**INPUT FOR THIS TASK:**
§
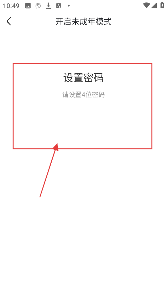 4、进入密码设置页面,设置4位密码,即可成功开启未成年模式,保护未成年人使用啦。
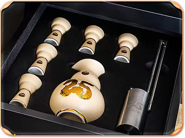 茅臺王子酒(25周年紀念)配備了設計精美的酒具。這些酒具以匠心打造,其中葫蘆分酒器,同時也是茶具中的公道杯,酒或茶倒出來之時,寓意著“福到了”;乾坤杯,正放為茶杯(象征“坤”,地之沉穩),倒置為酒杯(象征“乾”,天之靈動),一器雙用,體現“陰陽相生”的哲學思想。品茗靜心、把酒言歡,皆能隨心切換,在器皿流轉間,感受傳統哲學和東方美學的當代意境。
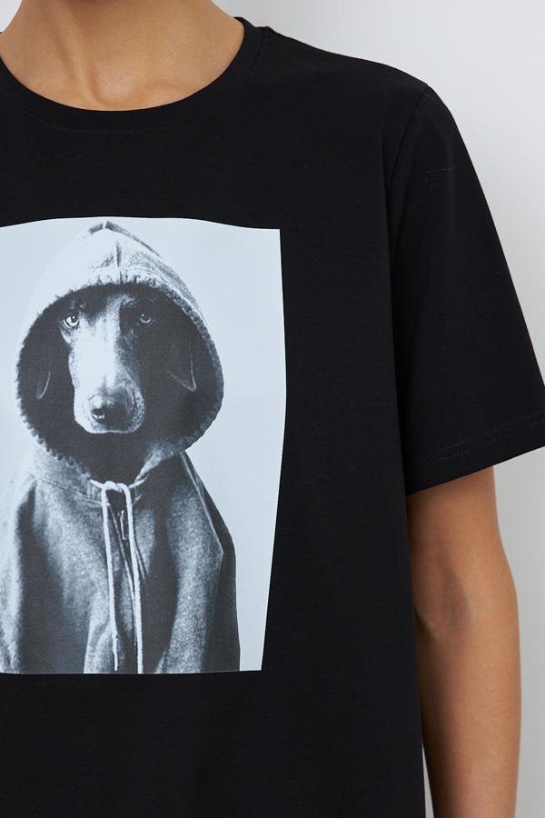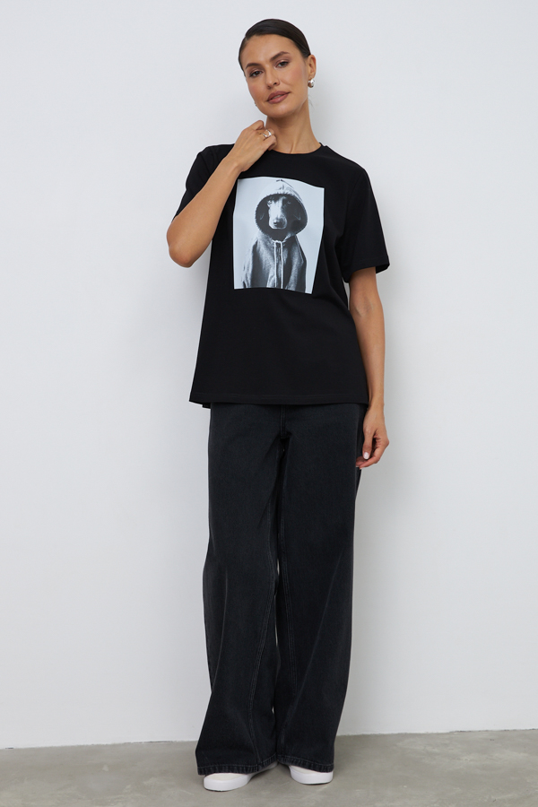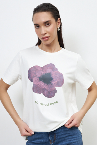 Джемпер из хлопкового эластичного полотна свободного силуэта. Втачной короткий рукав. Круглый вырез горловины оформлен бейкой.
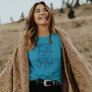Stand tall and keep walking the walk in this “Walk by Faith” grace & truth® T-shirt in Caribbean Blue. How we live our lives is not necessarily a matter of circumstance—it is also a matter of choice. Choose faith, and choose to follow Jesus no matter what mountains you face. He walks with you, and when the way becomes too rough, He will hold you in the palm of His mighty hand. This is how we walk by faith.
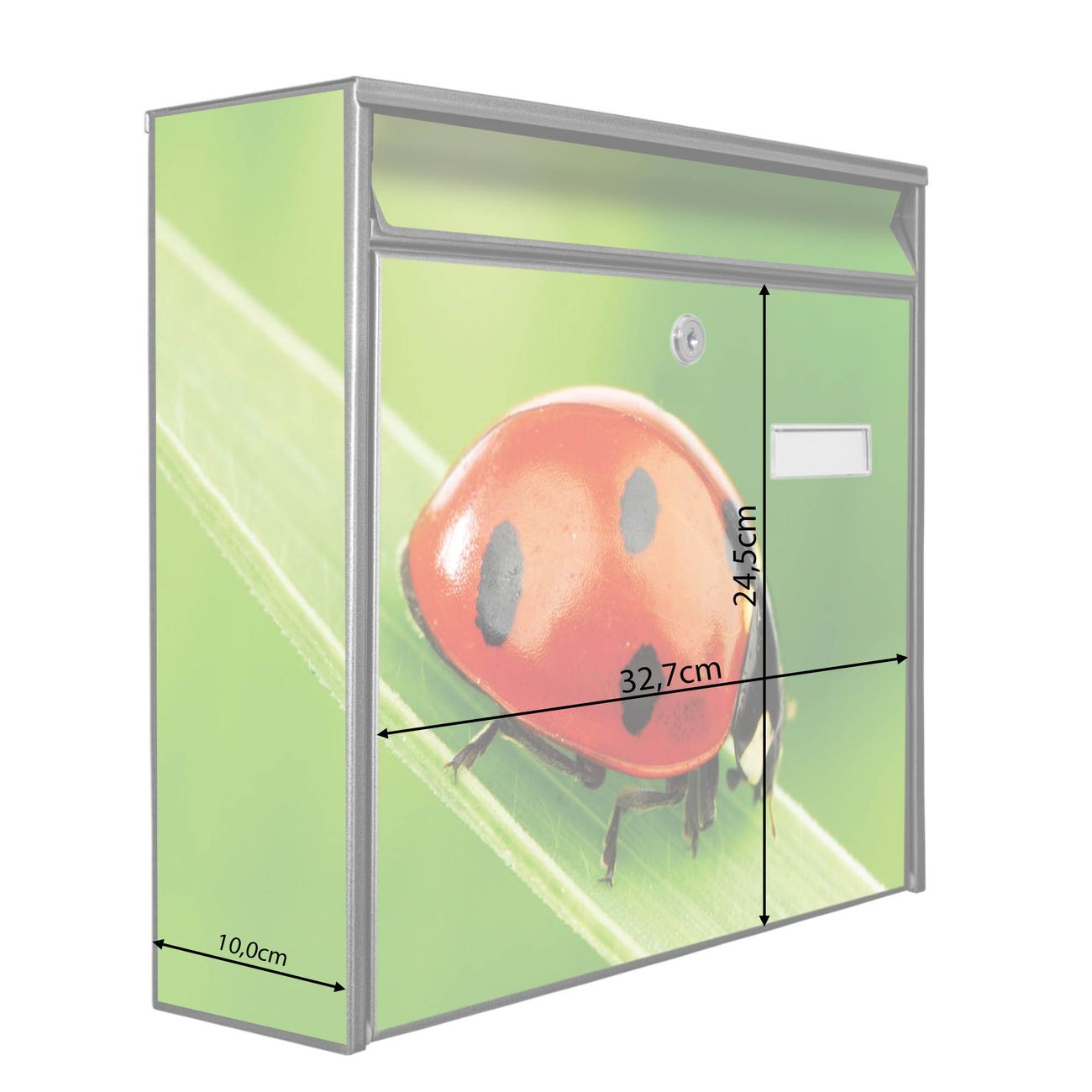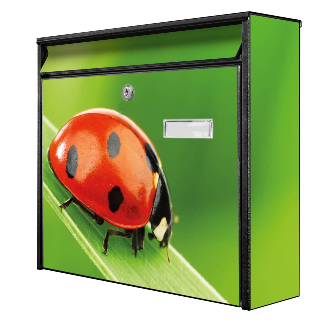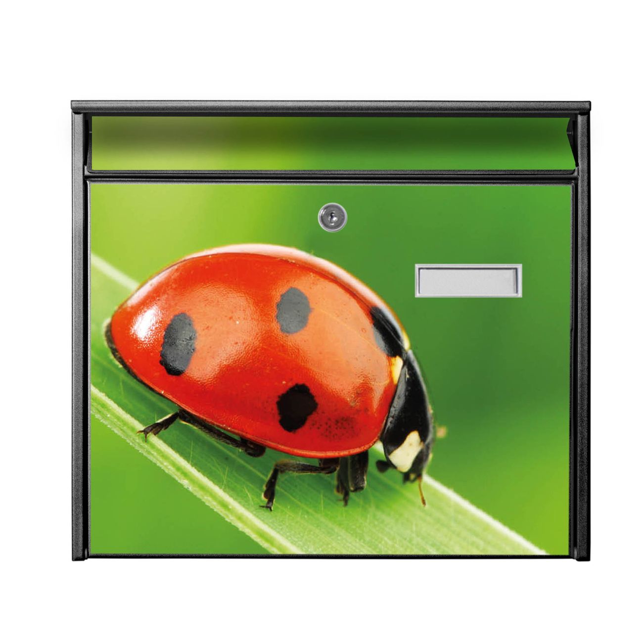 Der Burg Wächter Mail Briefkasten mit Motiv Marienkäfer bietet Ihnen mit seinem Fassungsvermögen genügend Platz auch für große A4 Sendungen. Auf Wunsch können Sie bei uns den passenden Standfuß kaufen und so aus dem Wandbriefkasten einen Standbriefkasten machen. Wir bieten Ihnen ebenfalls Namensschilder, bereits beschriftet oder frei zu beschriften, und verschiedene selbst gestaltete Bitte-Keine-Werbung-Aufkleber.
§
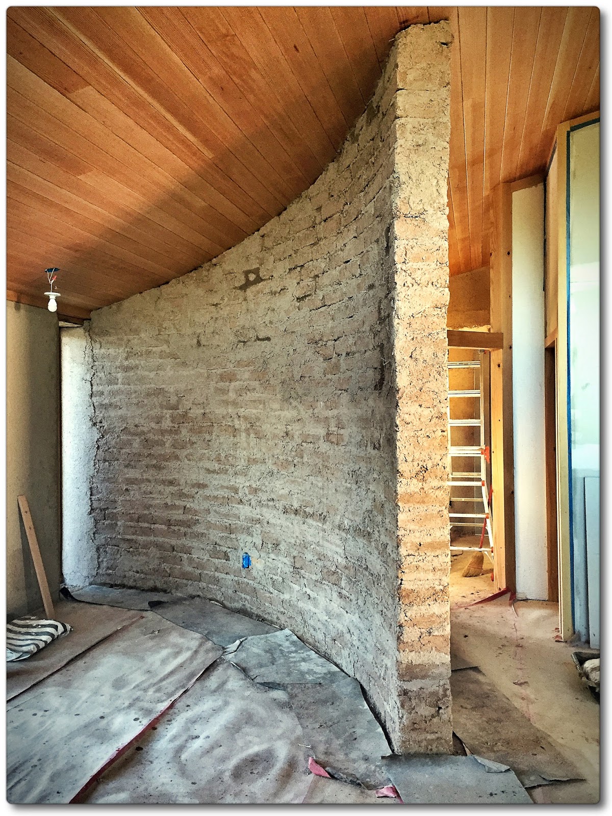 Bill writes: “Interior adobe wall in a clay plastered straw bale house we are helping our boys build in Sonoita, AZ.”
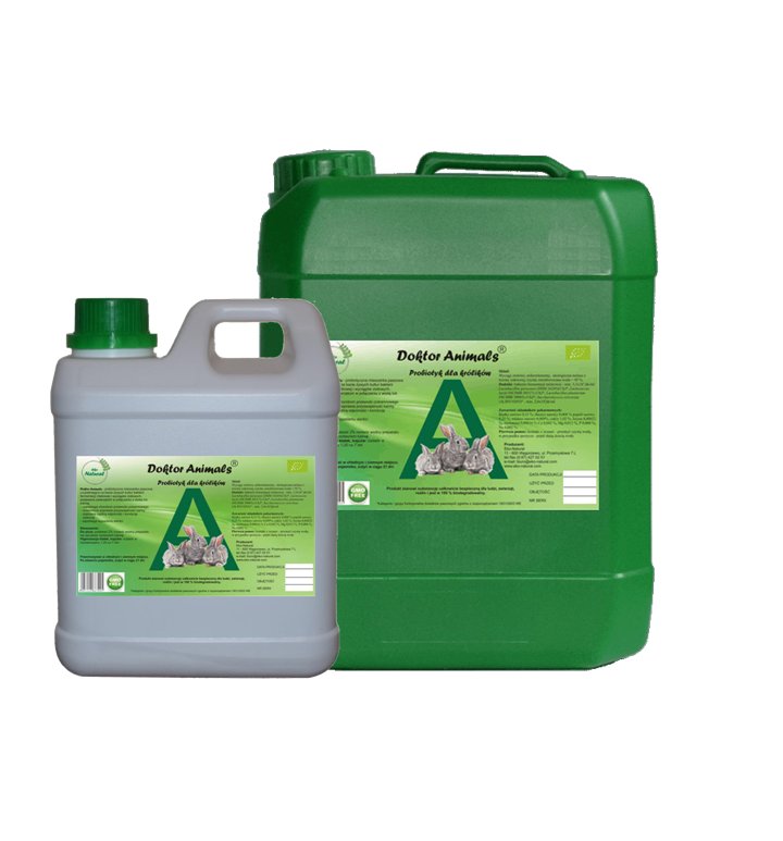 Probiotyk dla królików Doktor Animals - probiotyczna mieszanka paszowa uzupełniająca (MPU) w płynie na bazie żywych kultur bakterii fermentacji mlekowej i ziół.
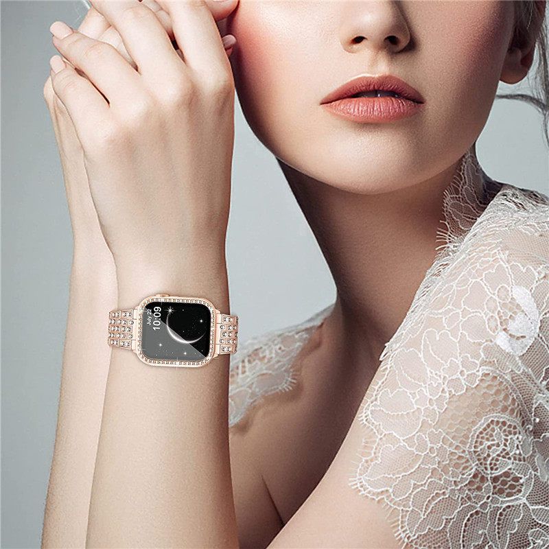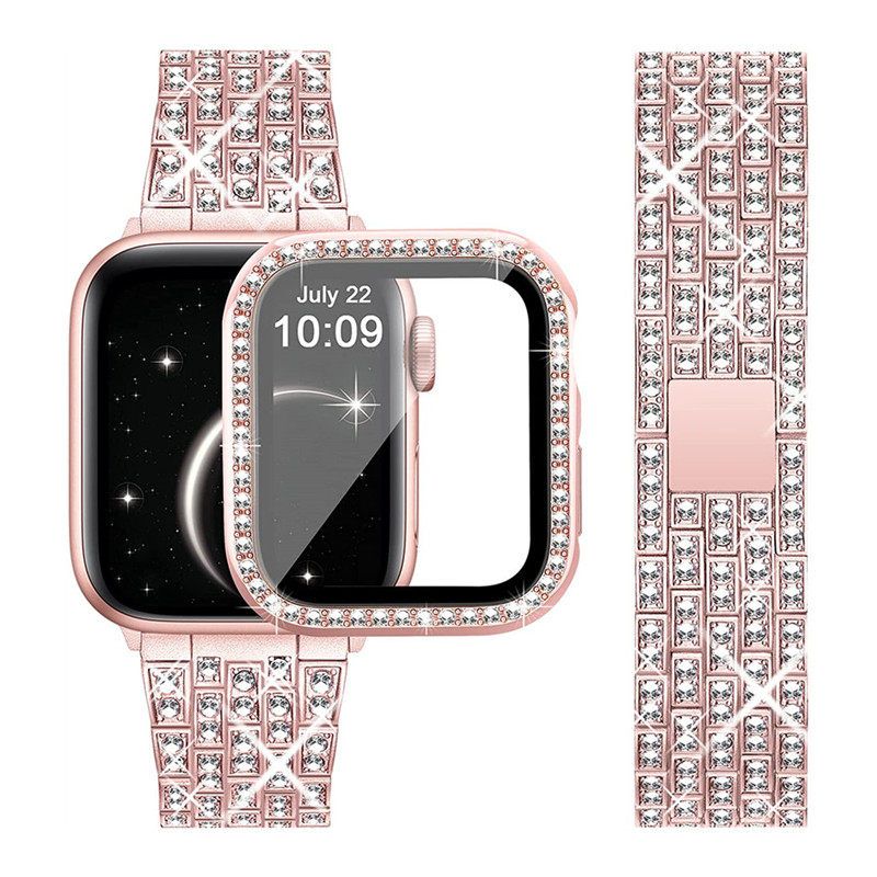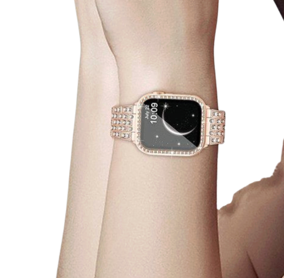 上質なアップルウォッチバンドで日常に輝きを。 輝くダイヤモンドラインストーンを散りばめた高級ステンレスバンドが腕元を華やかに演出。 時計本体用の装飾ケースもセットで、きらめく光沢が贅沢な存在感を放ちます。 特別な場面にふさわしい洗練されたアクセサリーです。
§
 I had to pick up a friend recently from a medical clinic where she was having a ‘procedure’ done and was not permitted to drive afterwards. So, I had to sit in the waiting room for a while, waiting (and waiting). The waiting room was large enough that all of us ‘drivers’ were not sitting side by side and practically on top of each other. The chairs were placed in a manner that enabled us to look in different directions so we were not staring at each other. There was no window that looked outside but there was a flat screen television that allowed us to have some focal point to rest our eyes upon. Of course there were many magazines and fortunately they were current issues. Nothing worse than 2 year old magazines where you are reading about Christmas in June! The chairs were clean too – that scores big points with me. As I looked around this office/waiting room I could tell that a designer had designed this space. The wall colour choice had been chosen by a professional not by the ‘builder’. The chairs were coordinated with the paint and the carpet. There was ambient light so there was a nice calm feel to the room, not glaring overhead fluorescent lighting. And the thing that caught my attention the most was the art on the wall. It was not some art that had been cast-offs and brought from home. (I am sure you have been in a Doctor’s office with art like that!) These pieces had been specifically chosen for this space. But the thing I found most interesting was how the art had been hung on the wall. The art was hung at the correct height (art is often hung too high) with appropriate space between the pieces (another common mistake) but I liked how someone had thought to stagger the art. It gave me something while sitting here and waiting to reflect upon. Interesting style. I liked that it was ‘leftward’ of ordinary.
§
**WHAT TO PRODUCE:** In the listing above, find the line with "Джемпер из хлопкового" and the line with "Stand tall and". Copy both of them and every line between, exactly, but not the pictures.

**RESPONSE TO THE TASK:**
 Джемпер из хлопкового эластичного полотна свободного силуэта. Втачной короткий рукав. Круглый вырез горловины оформлен бейкой.
Stand tall and keep walking the walk in this “Walk by Faith” grace & truth® T-shirt in Caribbean Blue. How we live our lives is not necessarily a matter of circumstance—it is also a matter of choice. Choose faith, and choose to follow Jesus no matter what mountains you face. He walks with you, and when the way becomes too rough, He will hold you in the palm of His mighty hand. This is how we walk by faith.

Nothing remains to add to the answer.